Lastly, PagerDuty’s native integrations with ticketing tools such as Zendesk or ChatOps tools such as Slack allow for easy bidirectional communication with Engineering teams. Agents can also trigger a PagerDuty incident from within their tool of choice, eliminating the need to context-switch, and connect with the right team and subject matter experts immediately to fix an issue. By using PagerDuty as an all-in-one response orchestration and collaboration tool, teams can easily swarm an issue and create a simpler, more streamlined experience for both customers and agents alike.

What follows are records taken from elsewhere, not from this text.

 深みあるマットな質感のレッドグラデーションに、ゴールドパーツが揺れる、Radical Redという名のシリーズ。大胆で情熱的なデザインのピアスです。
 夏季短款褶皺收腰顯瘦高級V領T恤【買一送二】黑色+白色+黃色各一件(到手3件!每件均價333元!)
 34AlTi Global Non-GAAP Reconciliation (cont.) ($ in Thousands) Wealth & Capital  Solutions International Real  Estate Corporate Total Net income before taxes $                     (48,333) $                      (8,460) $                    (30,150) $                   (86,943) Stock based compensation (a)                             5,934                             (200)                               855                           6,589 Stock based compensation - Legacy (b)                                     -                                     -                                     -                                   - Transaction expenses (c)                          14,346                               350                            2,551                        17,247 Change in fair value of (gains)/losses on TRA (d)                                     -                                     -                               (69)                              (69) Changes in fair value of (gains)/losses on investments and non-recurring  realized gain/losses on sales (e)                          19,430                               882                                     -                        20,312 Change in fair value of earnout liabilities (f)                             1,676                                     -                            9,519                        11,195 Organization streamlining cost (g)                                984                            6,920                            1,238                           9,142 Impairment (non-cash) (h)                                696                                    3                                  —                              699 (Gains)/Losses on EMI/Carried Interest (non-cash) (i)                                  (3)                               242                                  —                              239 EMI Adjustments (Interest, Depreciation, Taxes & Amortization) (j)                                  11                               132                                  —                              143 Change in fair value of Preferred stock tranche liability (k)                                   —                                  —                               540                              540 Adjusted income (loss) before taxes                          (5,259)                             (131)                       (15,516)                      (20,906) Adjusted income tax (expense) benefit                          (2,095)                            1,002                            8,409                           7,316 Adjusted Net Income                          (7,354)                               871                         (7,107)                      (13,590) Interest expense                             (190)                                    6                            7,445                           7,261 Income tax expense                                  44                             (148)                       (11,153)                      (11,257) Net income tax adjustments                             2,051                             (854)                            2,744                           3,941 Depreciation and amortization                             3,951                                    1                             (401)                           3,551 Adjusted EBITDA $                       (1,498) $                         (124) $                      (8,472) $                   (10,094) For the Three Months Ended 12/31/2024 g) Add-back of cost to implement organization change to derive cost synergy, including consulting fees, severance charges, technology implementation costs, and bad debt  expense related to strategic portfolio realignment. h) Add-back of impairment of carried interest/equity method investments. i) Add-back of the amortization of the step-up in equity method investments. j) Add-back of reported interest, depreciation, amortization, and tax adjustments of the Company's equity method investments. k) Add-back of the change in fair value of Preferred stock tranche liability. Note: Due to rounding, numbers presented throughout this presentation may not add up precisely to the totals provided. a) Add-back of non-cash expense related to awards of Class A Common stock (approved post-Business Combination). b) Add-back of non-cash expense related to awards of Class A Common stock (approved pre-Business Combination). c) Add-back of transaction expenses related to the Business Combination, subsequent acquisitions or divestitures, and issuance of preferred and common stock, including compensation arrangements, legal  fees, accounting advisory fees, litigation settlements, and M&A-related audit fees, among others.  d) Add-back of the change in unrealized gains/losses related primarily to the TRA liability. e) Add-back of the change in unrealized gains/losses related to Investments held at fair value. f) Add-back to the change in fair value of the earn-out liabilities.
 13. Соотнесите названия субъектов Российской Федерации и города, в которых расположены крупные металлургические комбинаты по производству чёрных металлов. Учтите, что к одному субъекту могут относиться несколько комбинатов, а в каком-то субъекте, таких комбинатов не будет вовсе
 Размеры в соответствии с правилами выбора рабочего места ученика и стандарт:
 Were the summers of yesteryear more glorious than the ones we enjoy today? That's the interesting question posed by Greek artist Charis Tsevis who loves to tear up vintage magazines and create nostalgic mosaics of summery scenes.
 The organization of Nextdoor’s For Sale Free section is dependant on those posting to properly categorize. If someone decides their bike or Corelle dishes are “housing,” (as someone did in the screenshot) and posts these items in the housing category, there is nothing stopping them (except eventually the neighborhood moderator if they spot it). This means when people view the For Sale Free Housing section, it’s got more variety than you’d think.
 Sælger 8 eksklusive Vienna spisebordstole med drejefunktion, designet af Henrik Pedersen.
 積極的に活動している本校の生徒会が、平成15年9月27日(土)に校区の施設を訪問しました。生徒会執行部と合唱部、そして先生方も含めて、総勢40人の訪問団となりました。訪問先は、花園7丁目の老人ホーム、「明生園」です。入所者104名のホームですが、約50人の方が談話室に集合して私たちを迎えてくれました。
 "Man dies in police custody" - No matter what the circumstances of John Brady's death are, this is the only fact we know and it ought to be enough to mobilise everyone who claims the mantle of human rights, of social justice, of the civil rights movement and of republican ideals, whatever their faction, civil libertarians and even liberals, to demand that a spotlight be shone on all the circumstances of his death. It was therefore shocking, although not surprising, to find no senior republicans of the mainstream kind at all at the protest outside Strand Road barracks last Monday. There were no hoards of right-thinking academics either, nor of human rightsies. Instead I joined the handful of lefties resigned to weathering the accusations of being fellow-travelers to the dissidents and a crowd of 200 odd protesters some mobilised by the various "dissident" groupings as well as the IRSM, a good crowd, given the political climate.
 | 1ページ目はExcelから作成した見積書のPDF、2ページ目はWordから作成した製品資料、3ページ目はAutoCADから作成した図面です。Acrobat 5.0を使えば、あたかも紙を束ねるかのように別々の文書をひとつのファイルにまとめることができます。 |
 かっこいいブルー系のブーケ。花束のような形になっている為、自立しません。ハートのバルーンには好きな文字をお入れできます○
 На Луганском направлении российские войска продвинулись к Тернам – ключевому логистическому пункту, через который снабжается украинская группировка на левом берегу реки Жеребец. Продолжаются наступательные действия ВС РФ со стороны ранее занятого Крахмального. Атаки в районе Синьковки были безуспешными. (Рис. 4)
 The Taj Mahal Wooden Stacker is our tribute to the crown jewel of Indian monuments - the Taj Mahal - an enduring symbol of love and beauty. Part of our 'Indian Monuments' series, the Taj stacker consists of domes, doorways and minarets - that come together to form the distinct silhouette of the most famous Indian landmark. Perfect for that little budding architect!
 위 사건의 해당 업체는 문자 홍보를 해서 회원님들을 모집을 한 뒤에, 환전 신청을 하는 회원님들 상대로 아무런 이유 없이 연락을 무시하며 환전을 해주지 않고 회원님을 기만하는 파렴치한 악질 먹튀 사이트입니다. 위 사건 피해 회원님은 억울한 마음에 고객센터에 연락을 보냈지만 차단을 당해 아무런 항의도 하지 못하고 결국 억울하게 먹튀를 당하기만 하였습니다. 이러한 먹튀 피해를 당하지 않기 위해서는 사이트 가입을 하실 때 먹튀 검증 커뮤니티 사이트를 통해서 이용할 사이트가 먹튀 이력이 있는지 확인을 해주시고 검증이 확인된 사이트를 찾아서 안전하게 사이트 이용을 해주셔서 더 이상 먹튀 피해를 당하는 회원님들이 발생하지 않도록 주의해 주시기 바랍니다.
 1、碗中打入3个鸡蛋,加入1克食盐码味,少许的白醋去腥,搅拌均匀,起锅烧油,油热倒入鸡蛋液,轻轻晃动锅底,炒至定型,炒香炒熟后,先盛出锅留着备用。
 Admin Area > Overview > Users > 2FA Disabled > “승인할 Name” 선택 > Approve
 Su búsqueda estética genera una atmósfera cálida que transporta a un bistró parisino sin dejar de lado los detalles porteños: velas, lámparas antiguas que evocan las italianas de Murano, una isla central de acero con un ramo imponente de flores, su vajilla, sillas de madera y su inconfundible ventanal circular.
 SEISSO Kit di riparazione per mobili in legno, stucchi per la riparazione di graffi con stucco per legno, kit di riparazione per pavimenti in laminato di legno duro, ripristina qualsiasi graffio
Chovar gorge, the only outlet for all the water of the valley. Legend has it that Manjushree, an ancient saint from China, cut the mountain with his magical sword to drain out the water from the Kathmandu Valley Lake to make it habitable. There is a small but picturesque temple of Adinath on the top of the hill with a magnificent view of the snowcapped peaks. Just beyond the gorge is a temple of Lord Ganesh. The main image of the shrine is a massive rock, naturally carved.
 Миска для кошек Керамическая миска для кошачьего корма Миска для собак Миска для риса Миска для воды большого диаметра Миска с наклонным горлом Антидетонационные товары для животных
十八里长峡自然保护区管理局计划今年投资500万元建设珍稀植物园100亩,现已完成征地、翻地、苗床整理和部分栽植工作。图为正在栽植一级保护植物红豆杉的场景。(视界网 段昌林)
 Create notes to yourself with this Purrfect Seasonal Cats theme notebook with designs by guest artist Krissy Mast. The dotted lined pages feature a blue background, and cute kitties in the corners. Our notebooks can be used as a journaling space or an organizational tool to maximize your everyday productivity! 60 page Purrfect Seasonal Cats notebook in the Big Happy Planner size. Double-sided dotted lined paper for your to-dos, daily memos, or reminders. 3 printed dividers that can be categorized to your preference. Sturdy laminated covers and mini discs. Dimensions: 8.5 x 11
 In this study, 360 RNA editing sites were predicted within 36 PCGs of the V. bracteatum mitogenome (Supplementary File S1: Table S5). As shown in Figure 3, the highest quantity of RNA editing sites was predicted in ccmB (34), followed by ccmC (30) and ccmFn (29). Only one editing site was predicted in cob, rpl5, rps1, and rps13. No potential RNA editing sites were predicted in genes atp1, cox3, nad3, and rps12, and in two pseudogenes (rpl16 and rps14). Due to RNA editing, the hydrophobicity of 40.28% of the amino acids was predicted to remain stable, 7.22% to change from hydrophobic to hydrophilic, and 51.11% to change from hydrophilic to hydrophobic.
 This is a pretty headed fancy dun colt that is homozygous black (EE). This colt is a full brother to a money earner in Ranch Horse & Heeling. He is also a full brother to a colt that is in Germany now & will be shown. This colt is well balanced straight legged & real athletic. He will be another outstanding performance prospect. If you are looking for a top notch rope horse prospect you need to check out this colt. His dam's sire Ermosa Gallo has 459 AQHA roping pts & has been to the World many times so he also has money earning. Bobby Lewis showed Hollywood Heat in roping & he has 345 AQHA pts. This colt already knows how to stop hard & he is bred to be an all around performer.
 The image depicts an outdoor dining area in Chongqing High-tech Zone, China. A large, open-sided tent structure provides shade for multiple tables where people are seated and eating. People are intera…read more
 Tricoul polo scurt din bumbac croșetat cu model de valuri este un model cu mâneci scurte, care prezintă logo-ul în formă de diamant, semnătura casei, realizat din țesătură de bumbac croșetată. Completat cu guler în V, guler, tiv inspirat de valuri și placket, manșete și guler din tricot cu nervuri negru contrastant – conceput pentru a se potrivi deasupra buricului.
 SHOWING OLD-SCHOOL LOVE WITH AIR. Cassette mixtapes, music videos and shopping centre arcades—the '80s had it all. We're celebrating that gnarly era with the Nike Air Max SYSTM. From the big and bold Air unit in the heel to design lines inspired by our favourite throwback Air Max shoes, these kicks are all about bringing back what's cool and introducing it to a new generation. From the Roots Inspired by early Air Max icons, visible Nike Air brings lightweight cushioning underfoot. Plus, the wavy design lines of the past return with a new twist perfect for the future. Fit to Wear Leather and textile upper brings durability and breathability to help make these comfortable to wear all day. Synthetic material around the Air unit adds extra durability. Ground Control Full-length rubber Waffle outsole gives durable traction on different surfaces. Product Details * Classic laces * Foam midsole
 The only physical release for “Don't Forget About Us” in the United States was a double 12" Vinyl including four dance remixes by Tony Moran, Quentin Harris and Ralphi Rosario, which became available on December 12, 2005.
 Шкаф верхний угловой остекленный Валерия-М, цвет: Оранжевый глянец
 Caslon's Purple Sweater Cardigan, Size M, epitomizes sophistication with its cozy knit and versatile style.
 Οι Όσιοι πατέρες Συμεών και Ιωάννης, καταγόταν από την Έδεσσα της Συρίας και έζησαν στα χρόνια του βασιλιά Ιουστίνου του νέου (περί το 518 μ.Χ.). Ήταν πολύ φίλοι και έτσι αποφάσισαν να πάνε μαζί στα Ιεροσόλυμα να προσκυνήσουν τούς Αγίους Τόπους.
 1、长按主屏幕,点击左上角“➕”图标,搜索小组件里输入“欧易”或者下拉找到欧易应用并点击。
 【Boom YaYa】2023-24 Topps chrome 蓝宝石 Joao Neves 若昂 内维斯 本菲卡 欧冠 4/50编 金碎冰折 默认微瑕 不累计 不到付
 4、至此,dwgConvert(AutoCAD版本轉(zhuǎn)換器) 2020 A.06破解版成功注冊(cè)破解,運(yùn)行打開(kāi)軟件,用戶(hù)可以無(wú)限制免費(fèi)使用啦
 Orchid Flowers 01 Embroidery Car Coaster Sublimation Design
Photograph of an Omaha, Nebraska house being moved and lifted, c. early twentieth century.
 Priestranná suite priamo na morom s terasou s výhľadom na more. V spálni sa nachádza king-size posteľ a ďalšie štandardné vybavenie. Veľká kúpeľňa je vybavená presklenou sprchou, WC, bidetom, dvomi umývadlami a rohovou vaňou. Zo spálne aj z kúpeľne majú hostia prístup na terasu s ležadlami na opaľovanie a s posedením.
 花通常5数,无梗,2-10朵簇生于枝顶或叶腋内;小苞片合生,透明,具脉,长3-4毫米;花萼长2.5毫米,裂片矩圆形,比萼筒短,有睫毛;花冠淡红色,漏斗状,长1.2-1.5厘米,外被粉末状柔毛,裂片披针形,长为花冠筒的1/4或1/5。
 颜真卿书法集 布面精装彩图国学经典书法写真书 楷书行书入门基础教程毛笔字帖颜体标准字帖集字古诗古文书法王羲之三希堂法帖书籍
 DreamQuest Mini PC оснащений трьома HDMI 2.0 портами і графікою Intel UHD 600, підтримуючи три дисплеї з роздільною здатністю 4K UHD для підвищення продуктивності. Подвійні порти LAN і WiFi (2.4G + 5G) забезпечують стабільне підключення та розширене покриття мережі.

Whether using swarming or tiered practices, there are well-known approaches today to support any customer issue. The good news is by building the right swarming practices ahead of time, you can automatically engage the right expertise at the right moment. It also means automating tiered approaches (e.g., via automated escalation policies and on-call notifications) for less critical issues where immediate response isn’t needed.
In a post-pandemic world that will increasingly be defined by digital innovation and user experience, it’s time to look at new ways to super-charge your customer service function.
- “Intelligent Swarming℠ is a service mark of the Consortium for Service Innovation™.”